Discrete & Computational Geometry
- Discipline: Discrete geometry, computational geometry
- Language: English
- Edited by: Kenneth L. Clarkson, János Pach, Csaba D. Tóth.

Publication details
- History: 1986–present
- Publisher: Springer
- Frequency: Quarterly
- Impact factor: 0.969 (2020)

Standard abbreviations
- ISO 4: Discrete Comput. Geom.

Indexing
- CODEN: DCGEER
- ISSN: 0179-5376 (print) 1432-0444 (web)
- LCCN: 90656510

Links
- Journal homepage;

= Discrete & Computational Geometry =

 Discrete & Computational Geometry is a peer-reviewed mathematics journal published quarterly by Springer. Founded in 1986 by Jacob E. Goodman and Richard M. Pollack, the journal publishes articles on discrete geometry and computational geometry.

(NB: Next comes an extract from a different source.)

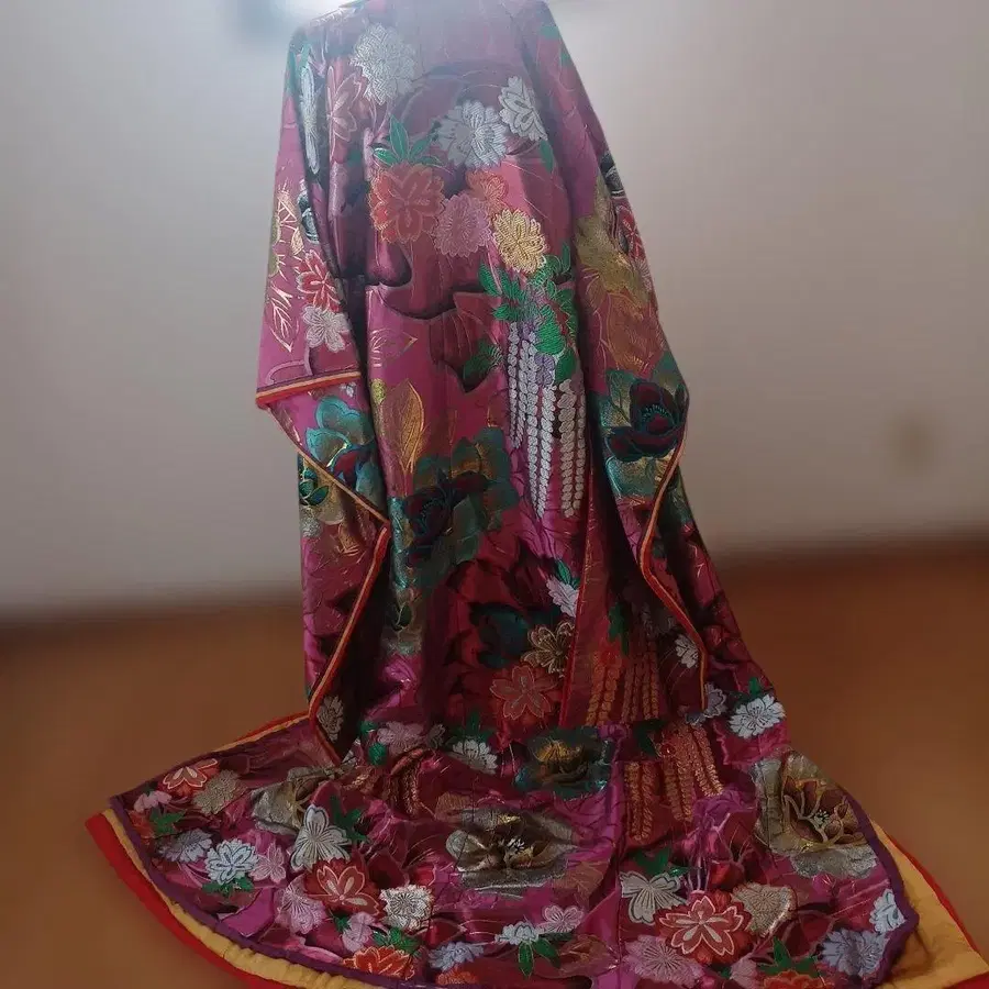 핑크 꽃무늬 금실 자수 이로 우치카케
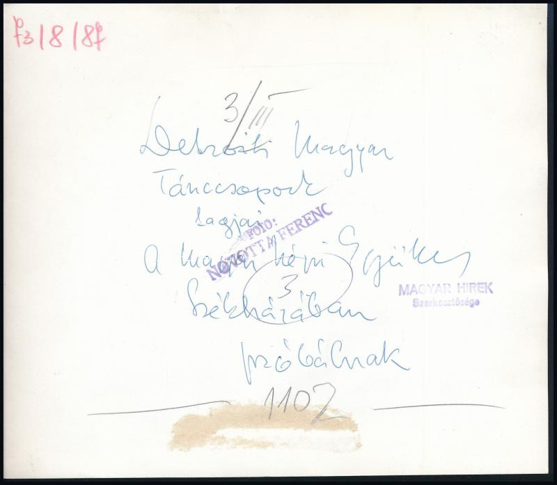 1973 Detroiti magyar tánccsoport próbája, 2 db sajtófotó, a hátoldalon... https://www.darabanth.com/en/442-Online-auction/442.0/Photography/Photo~500024/1973-Detroiti-magyar-tanccsoport-probaja-2-db-sajtofoto-a-hatoldalon-feliratozott-pecsette~II2879233

==Abstracting and indexing==

The journal is indexed in:
- Mathematical Reviews
- Zentralblatt MATH
- Science Citation Index
- Current Contents

==Notable articles==

Two articles published in Discrete & Computational Geometry, one by Gil Kalai in 1992 with a proof of a subexponential upper bound on the diameter of a polytope and another by Samuel Ferguson in 2006 on the Kepler conjecture on optimal three-dimensional sphere packing, earned their authors the Fulkerson Prize.